Politik mit Augenmaß
Geschrieben von Johannis am 15. Dezember 2009 um 11:09 Uhr
Geschenke und milde Gaben können durchaus beleidigend sein, denn nicht nur der gute Wille zählt. Wer Obdachlosen oder Straßenmusikanten in der weihnachtlich geschmückten Fußgängerzone nach langem Kramen im Portemonnaie ein 5-Cent-Stück in den Pappbecher oder einen aufgeklappten Gitarrenkasten fallen lässt, wird in den Augen der Beschenkten kaum das erhoffte dankbare Strahlen, sondern eher ein wütendes Blitzen aufleuchten sehen. Schlimmstenfalls pult der Bettler die Minimünze aus dem Becher und wirft sie dem Spender mit passenden Worten hinterher. Musiker haben bei der Arbeit meist alle Hände voll zu tun, zeigen aber ihre Wertschätzung schon mal durch Bemerkungen, die wegen der allgemeinen Weltgewandtheit dieser Branche schon mal mit fuck beginnen und mit you enden.

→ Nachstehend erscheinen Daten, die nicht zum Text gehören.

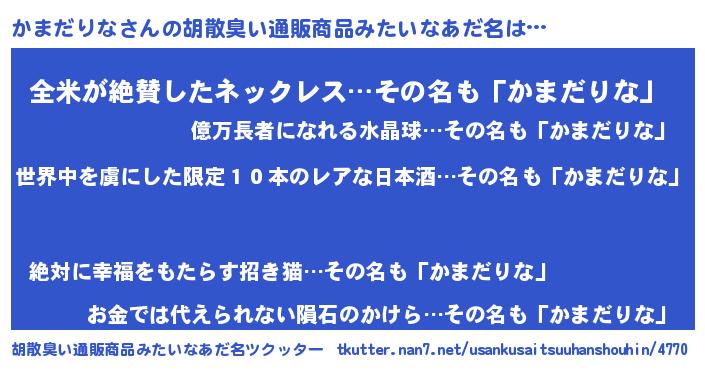かまだりなさんの胡散臭い通販商品みたいなあだ名をツクッター!
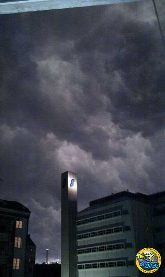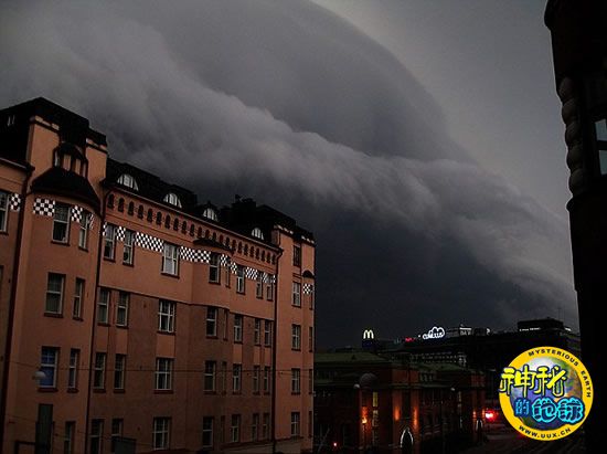 雷暴来袭之前,芬兰首都赫尔辛基上空出现可怕的积雨云将整个天空遮盖。

So ähnlich ist es am vergangenen Freitag der EU-Kommission ergangen, als sie den vom Klimawandel bedrohten Entwicklungsländern 7,2 Milliarden Euro versprach. Für drei Kontinente, aufgeteilt auf die kommenden drei Jahre. Und leider nicht nur neues Geld, sondern großteils klammheimlich umgewidmete Mittel, die eigentlich für Projekte wie den Bau von Schulen oder Krankenhäusern bestimmt und längst bewilligt waren.
Ungeschickt? Ja. Undankbar? Nein, denn Afrikaner, Bangladeshis und Honduraner verhungern, ersaufen oder werden vom Hurrikan verweht, eben weil wir Europäer seit zwei Jahrhunderten die gemeinsame Atmosphäre aufheizen. Und sie fühlen sich zu Recht beleidigt, denn die versprochenen 7,2 Milliarden sind nur schäbige Almosen, wenn man die Dimensionen betrachtet. Gut, eine Milliarde, das war früher mal eine beeindruckende Summe. Heute ist Milliarde leider nur noch ein Wort für gebündeltes Kleingeld.
Betrachten wir zum Größenvergleich ein Beispiel. Die Deutsche Bank hat ihren Mitarbeitern in diesem ach so schrecklichen Weltwirtschaftskrisenjahr bereits Boni in Höhe von 8 Milliarden Euro ausbezahlt. Und das letzte Quartal steht noch aus. Rechnet man mal kurz nach, dann betragen die jährlichen Erfolgsprämien für ein paar tausend raffgierige Investmentbanker fast das Fünffache dessen, was die EU global den Opfern des Klimawandels pro Jahr anbietet, damit sie marode Deiche erhöhen und ihre Infrastruktur ökofreundlich umbauen können. Toll.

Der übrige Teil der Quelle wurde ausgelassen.